- **INSTRUCTIONS TO FOLLOW**
Look through the listing below for the line with "Nepraleiskite progos turėti" and the line with "1999-2024年上市公司". Copy both, along with every line between them, exactly and with no pictures.

- **EXTRACTED DATA**
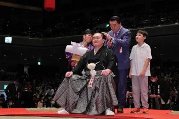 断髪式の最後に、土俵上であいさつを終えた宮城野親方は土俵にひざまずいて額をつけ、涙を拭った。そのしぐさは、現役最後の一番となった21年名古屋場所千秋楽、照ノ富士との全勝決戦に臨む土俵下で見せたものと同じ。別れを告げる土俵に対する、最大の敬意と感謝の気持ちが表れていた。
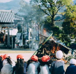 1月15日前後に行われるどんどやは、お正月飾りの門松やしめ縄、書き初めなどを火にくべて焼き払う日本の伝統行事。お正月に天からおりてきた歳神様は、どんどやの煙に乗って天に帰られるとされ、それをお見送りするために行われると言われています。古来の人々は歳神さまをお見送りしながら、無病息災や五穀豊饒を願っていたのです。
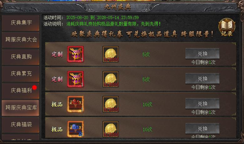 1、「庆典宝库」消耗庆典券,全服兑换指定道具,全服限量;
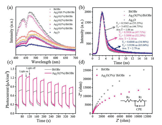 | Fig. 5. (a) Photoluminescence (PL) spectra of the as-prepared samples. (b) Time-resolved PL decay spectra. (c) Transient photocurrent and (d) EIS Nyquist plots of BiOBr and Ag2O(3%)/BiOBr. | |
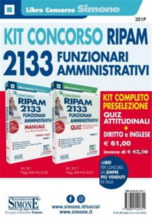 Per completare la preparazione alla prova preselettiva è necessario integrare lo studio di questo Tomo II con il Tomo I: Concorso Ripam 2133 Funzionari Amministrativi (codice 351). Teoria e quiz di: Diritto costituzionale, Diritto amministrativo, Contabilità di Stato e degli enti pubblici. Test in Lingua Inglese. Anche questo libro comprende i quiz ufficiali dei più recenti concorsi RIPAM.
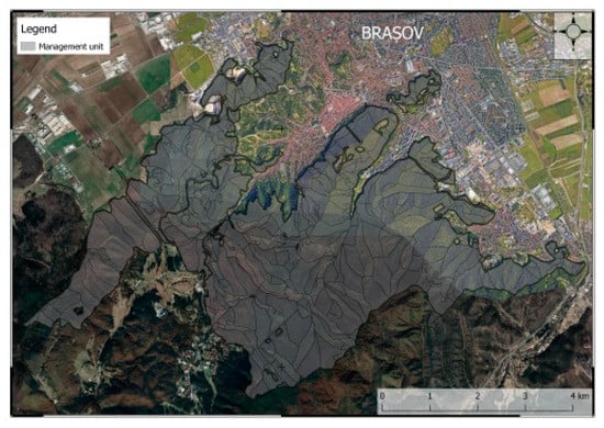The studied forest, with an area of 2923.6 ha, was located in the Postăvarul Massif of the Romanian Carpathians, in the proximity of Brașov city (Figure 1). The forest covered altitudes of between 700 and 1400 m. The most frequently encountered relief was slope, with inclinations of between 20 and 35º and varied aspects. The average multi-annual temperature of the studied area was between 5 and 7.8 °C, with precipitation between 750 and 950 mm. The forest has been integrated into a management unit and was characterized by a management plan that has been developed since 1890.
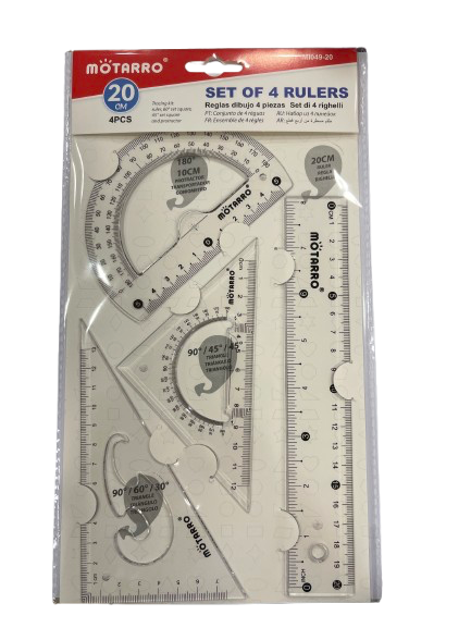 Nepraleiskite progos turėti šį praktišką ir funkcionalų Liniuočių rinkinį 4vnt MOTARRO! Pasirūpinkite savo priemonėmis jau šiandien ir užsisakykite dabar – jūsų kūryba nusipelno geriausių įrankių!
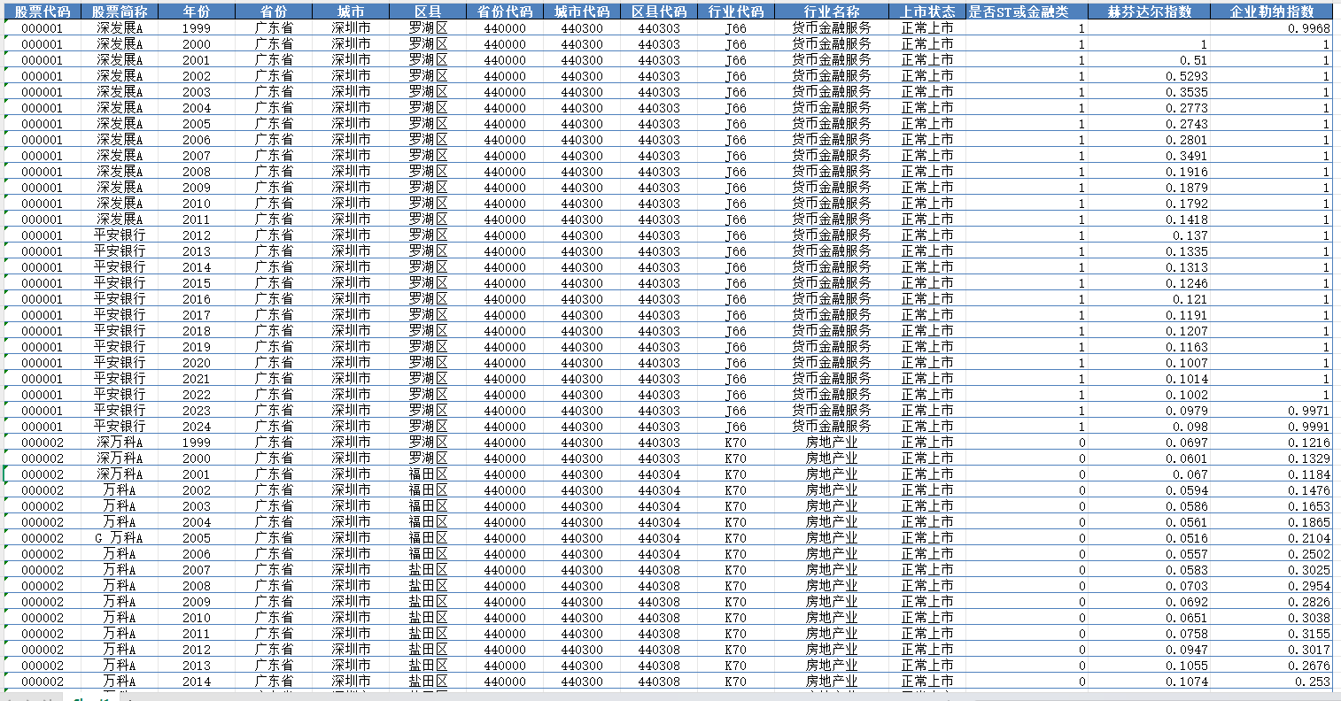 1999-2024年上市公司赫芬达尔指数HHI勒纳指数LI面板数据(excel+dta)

---

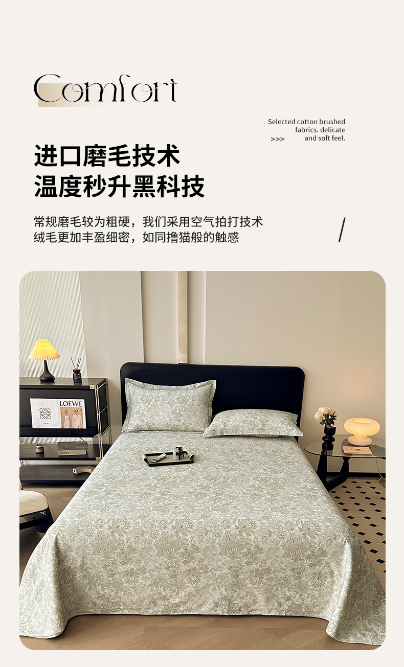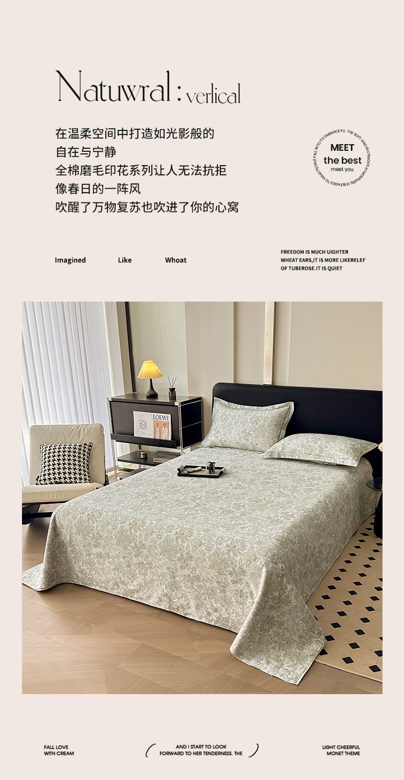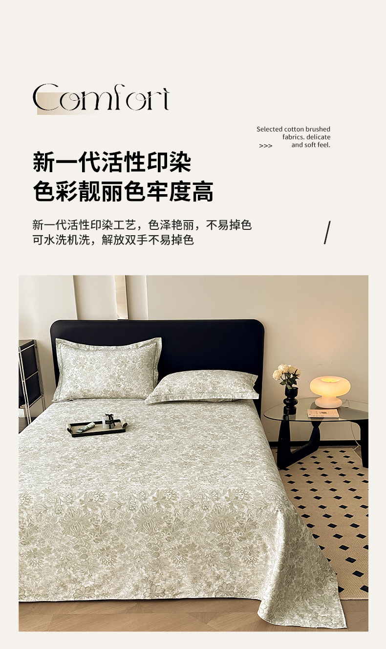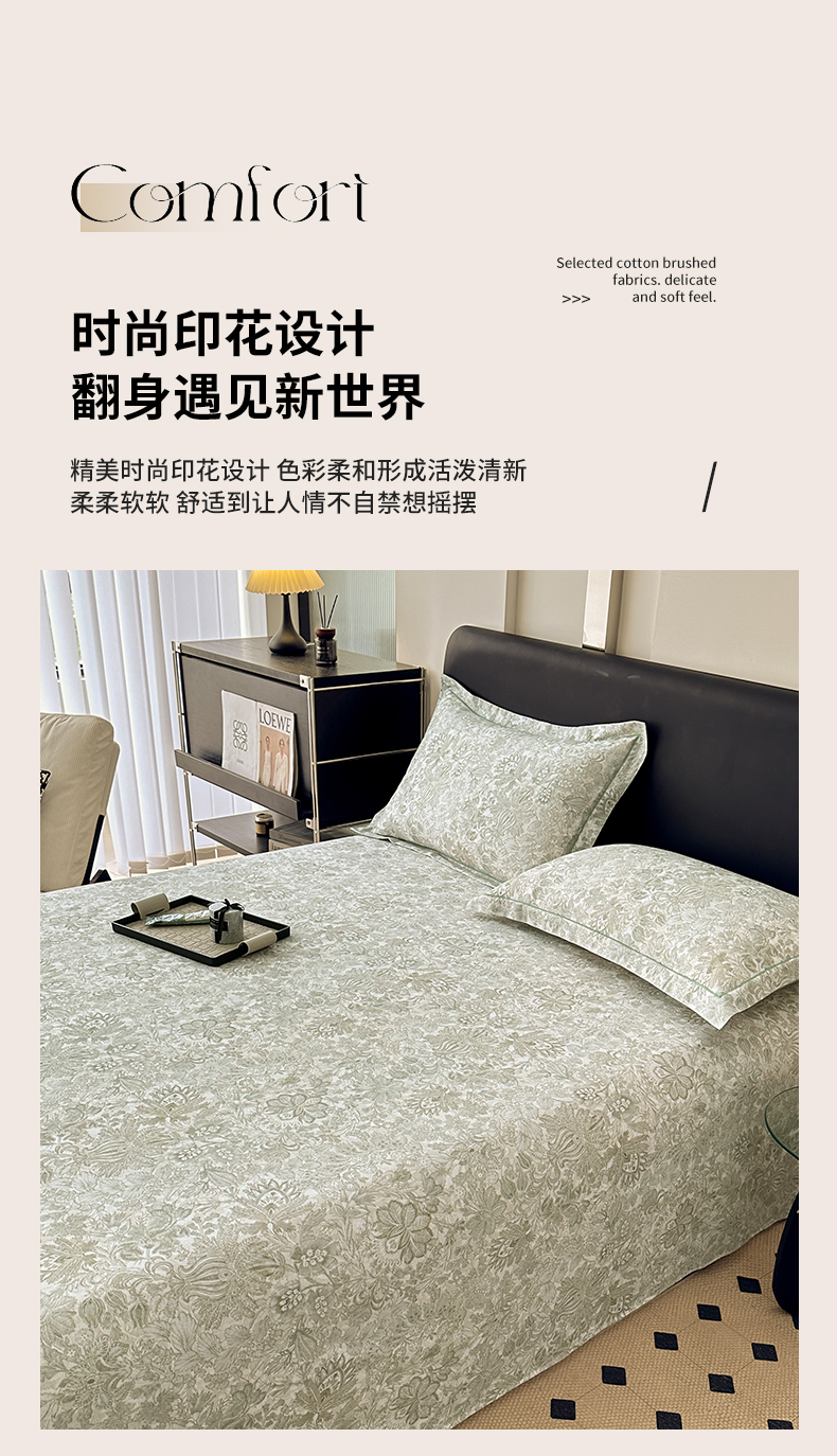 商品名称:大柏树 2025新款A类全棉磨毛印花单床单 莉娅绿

- **RESPONSE TO THE EXERCISE**
 Nepraleiskite progos turėti šį praktišką ir funkcionalų Liniuočių rinkinį 4vnt MOTARRO! Pasirūpinkite savo priemonėmis jau šiandien ir užsisakykite dabar – jūsų kūryba nusipelno geriausių įrankių!
 1999-2024年上市公司赫芬达尔指数HHI勒纳指数LI面板数据(excel+dta)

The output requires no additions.